Читаем без скачивания Вечера в Колмове. Из записок Усольцева. И перед взором твоим... - Юрий Давыдов
Шрифт:
Интервал:
Закладка:
Михаил Пан.: Допустим. Но тогда выходит, что вы ведете сношения с людьми, о которых знаете только вы?
Н.И.Ашинов: Что ж худого? Неужели жить, как слепым котятам?
Я: Вот как раз потому-то, что мы не желаем так жить, мы и не желаем, чтобы было нечто, известное вам одному и неизвестное никому из нас.
Н.И.Ашинов: Бывают тайны, необходимые для общего блага.
Михаил Пан.: Но где ж предел тайного и явного? Вы, ради бога, не думайте, не бабье любопытство, а принцип, на котором стоять Новой Москве.
Н.И.Ашинов: Ох, «принцип, принцип»! Позвольте попросту: принципы, знаю, очень хороши, да только всякому практическому деятелю приходится глядеть не под углом зрения принципов, а под углом зрения потребностей…
Разговор, и до того раздраженный, принял характер почти ожесточенный, ибо мы впервые столкнулись с откровенным высказыванием нашего атамана на тему морали и политики. Это высказывание, в сущности, укладывалось в формулу: мораль – вне политики, а политика – вне морали. Но в таком случае все, ради чего Новая Москва… Нет, в ту пору ни Михаил Пан., ни я еще не могли, не смели мыслить до конца. Это было непосильно, это было слишком ужасно, страшно.
Между тем Н.И.Ашинов распространился в том смысле, что нам, интеллигентам, свойственны шаткость и неустойчивость, что, мол, нашему брату, прочитавшему две-три лишние книжки, этого уже достаточно, чтобы претендовать на руководительство…
Удар пришелся чувствительный.

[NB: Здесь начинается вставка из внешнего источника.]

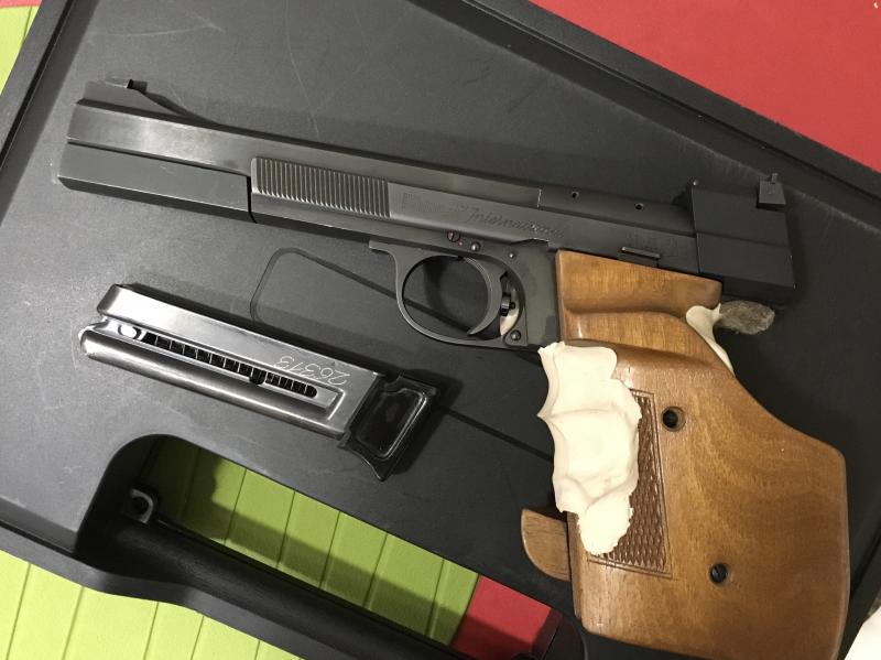 Aquí os enseño mi maravillosa Hammerli International,la compré de segunda mano pero casi sin uso, no la cambio por ninguna de las de ahora como Pardinis o Morinis,entrenando le saco 540 puntos en Standard, aunque en competición menos, pero eso ya es por culpa del tirador, jejeje.Espero seguir mejorando y poder darle caña a pistolas más modernas, jajaja.Ya no se fabrican armas con estos materiales casi indestructibles, no he tenido una sola interrupción en más de 12000 disparos y aunque no la limpie después de 1000 tiros sigue haciendo dieces, probar a hacerlo con otras armas a ver qué pasa, si encuentro otra en buen estado la compraré para tener repuestos en el futuro.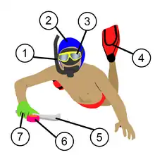 1. snorkel and mouth guard 2. hat with ear guards 3. mask 4. fins 5. stick 6. puck 7. glove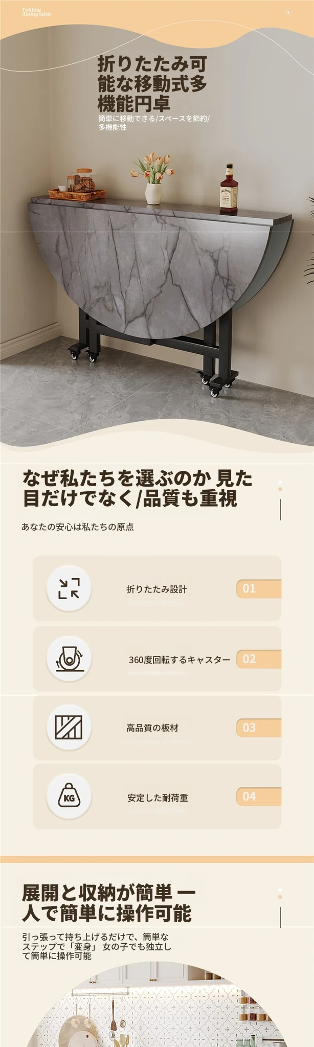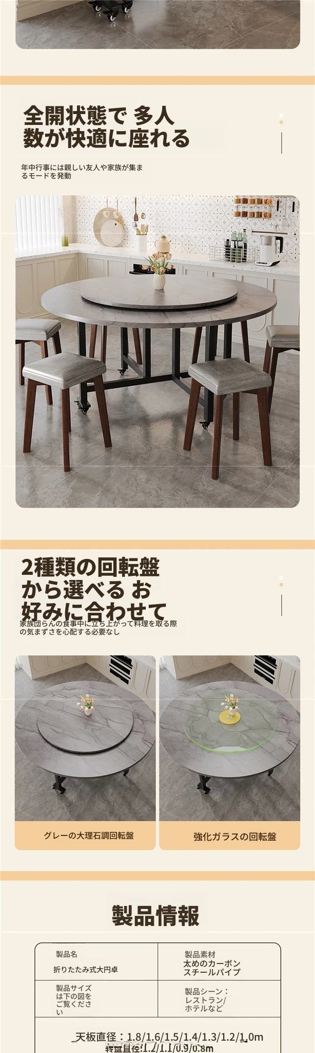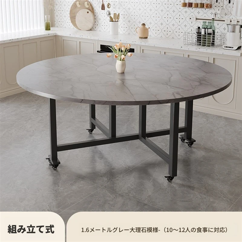 折りたたみ式ダイニングテーブル - 家庭用10人用の大きな円形テーブル!小さなスペースにもぴったりの簡単設置、移動も楽々!多機能折りたたみ円卓で、食事やパーティーに最適です。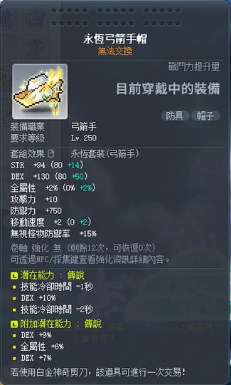 【永恆弓箭手帽】雙傳 附加大三排 967 三排敏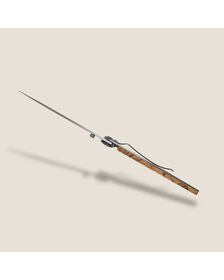 Obtained by fixing gray titanium onto a stainless steel base, this finish has a double advantage. First of all, it reinforces the surface resistance to impacts and scratches, then it enhances the pure lines of your knife, bringing sobriety to its peak. Discreet finish par excellence, the steel acquires a light patina over the years to further enhance this beautiful cutlery.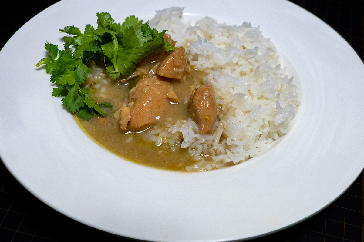 今日届いたジャスミンライスをあっためてグリーンカレーライス。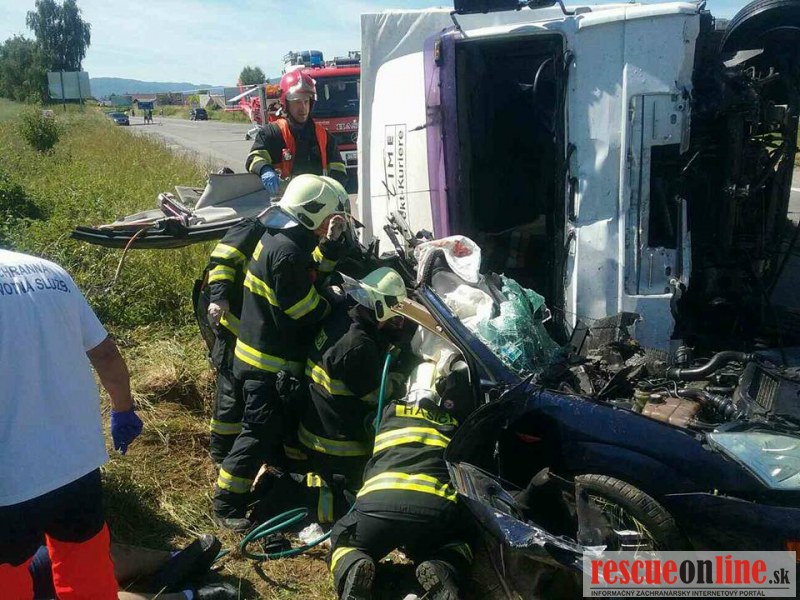 Hasiči z Trenčína dnes zasahovali pri vážnej dopravnej nehode, ktorá sa stala v katastri obce Trenčianska Turná na ceste č. I/9. Pri udalosti sa zrazilo nákladné vozidlo s osobným autom. Hasiči museli z auta vyslobodzovať 4 osoby, z ktorých 3 svojim zraneniam na mieste podlahli. Jednu osobu zdravotníci oživovali. Cesta bola uzavretá v oboch smeroch.
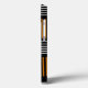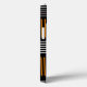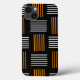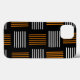 Telefonväskan har en modern design i mitten av århundradet som ser ut som en väv med orange och vitt linjer på en fält av svart.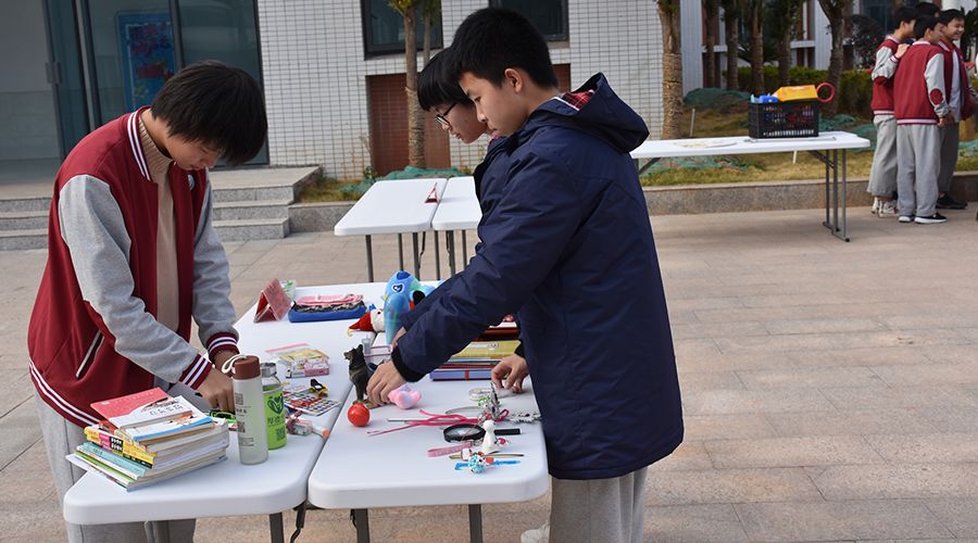 1月5日下午3:30,學部各班級同學就迅速行動起來,將精心準備好的義賣物品、橫幅、銷售裝備等拿到攤位。各班級快速有序的將自家“超市”布置完畢,校園瞬間被點燃,集市人山人海。每家“超市”都別出心裁的通過標語、口號展示自家店鋪的特色。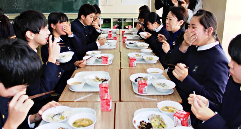 区長は「近藤さん」と屈託なく話しかけてくる生徒たちと雑談を楽しみながら食べ終わると、「中学の給食は量が多いと聞いていたので心配だったが、バラエティに富んだ味で、気が付いたら完食していた」と絶賛。倉沢さんは「貴重な経験になった」と笑顔で話した。

Никто из нас не претендовал на власть, а желал участвовать в общей работе, и только.
«Но вот же вы спорите, горячитесь, друзья мои», – укорил нас Н.И.Ашинов. Михаил Пан. возразил общим местом: дескать, в спорах рождается истина. Н.И.Ашинов не остался в долгу: «А зачем, к чему нам споры по любому поводу? Нам они не нужны, а если и нужны, то лишь такие, от которых плюс народному делу…» После этого вечерние собрания и приморские прогулки утратили прелесть непринужденности. И странно, мы, «шаткие интеллигенты», ловили себя на том, что испытываем какую-то неловкость перед Н.И.Ашиновым, нас же и обидевшим, если не оскорбившим. И когда он однажды вместе с Софьей Ивановной вдруг запросто и дружески посетил нас, мы очень обрадовались, почувствовали облегчение… Но прежде я расскажу… 14.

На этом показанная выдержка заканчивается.